Irónicamente, el padre de la ciencia-ficción puede que haya sido en realidad una mujer de veinte años. Porque puede afirmarse con bastante seguridad que el FRANKENSTEIN, OR THE MODERN PROMETHEUS (FRANKENSTEIN O EL MODERNO PROMETEO) (1818) de Mary Shelley fue la primera novela moderna de ciencia-ficción. Representa la fusión inicial de la historia científica con el relato de viajes extraños, la novela utópica y la aventura gótica. Y su tema central (el hombre creando vida artificial en un intento de mejorar la obra de Dios, pero cometiendo una torpeza en su trabajo) ha sido calificado como el quintaesencial mito de la era industrial.

Hija de una pareja de librepensadores, Mary Wollstonecraft Shelley (1797-1851) nació en Londres, Inglaterra. Su madre Mary Wollstonecraft Godwin, era una conocida autora y feminista, cuya desgraciada muerte a causa de fiebre puerperal determinó ampliamente el tono trágico de la vida de Mary Shelley.
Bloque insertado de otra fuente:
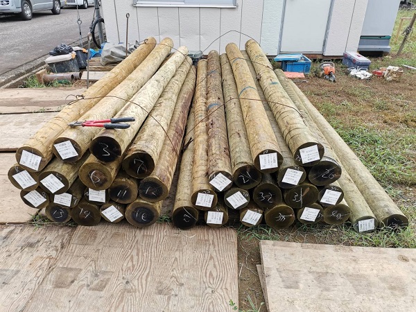 円柱状に加工した木杭を地盤に打ち込み、杭の支持力と地盤の支持力で住宅を支えます。

La infección puerperal era el resultado de la omisión por parte de los doctores de lavarse las manos y lavar los instrumentos antes de atender al parto, pero su etiología era desconocida por aquel entonces, y la muerte de la madre se atribuía al hijo. Ése fue el destino de Mary Shelley. Su padre, William Godwin, la trató con violencia psicológica y negligencia emocional. Y a lo largo de toda su vida, Mary arrastró consigo la innecesaria carga de la culpabilidad.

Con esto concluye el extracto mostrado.